望潮亭通信

無常なる世界を見るは楽しかり

名もない白い花

 道端に「名もない白い花が咲いていた」などの表現を見聞きすることは珍しくない。ありふれた表現で、昔からエッセイなどではよく見かけ、現在でも放送メディアの風景描写リポートなどで聞くことがある。花など植物に関する知識は乏しいが、きれいな花を見かけて心を動かされた人が小さな感動を伝える言葉として使われてきたようだ。

 この「名もない白い花が咲いていた」などの表現は正しくない表現だ。正しくないのは「名もない」という部分。日本を含め世界中で植物学者たちは、各地を歩き回って植物を採集し、細かく観測して分類・系統化した。その時には名前がつけられる。だから、「名もない」花があったとすれば、それは新種だということになる。もちろん世界には未発見の新種の花はあるだろうが、人々の日常空間にはまず存在しないだろう。

 「名もない白い花が咲いていた」式の表現は正しい表現でないが、受け入れられてきた。人々は日常の空間では言葉の厳密さに固執せず、むしろ「名もない白い花が咲いていた」などの表現で、その人が感じた小さな感動が伝わるのだから、重宝してきた。白い花が何かとの認識を共有するには「名もない」は不適切だが、花に心が動いたとの情緒を共有するには問題はない表現だった。

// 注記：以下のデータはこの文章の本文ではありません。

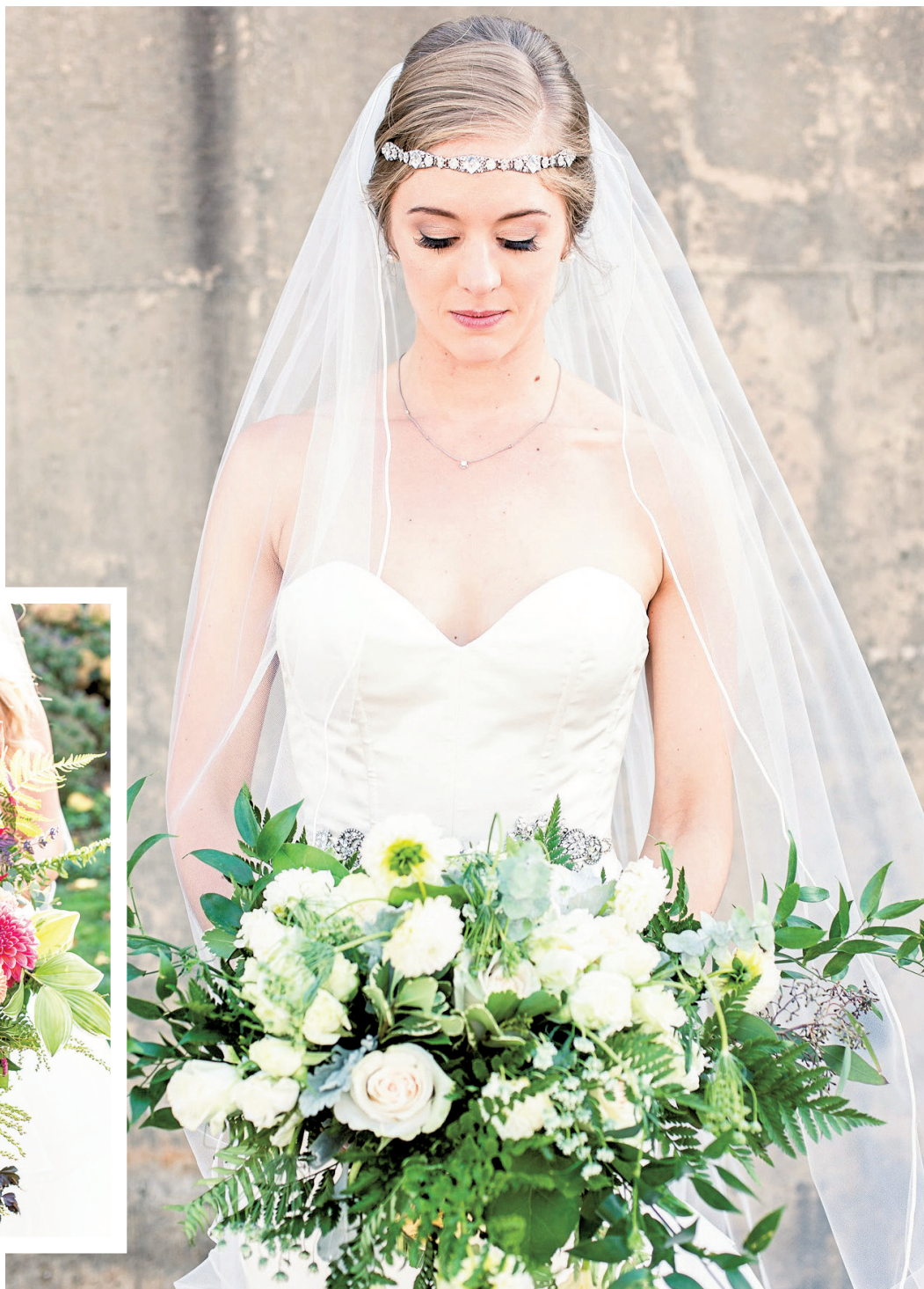
FLOWERS BY WEDDING FLOWERS BY CYNDI

 表現は正しくあるべきだろうが、情緒を伝えることも表現の重要な役割だ。とはいえ「名もない白い花が咲いていた」式の表現が多すぎる社会は、情緒的な人が多い社会と見なされよう。情緒を伝えつつ、正しさも備えている表現が求められる社会が理想だろうが、言語表現は人々の意識と関わるので、簡単には変わらない。

 「白い花が咲いていた」だけでも情緒を伝えることはできるだろうに、なぜ「名もない」と付け加えるのか。花を個別の花として認識したなら、それぞれに名があることを意識するだろうが、白い花が花一般を表しているとすれば個別の名は必要ないと判断することはあり得る。つまり、見た人は花の美しさに心を動かされたが、個別の品種として認識したのではなく、花一般としか見ていない。

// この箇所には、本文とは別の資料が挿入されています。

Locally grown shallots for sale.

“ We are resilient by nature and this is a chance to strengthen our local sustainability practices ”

 「花の美しさというものはない。美しい花がある」とは誰かの名言だが、個別の花を認識せず、花の美しさを感じる人がいるから、「名もない〜」式の表現が存在した。そういう人には、白でも赤でも黄色でも花は花であり、大輪でも小粒でも花は花でしかなく、しかし、花を見て心が動き美を感じている。そういう人には「名もない」との言葉に実感があるのだろう。

 対象が花だから「名もない」式の表現は許容される。もし人間に対して「名もない人が歩いていた」などと表現すると、批判されるだろう。人は固有名詞で呼ばれるべきで、普通名詞で扱われるのは統計などに限られる。「名もない」との表現は対象に対する関心度合いを示す言葉であり、対象を観察して分類するという科学的態度が欠如していることも示す。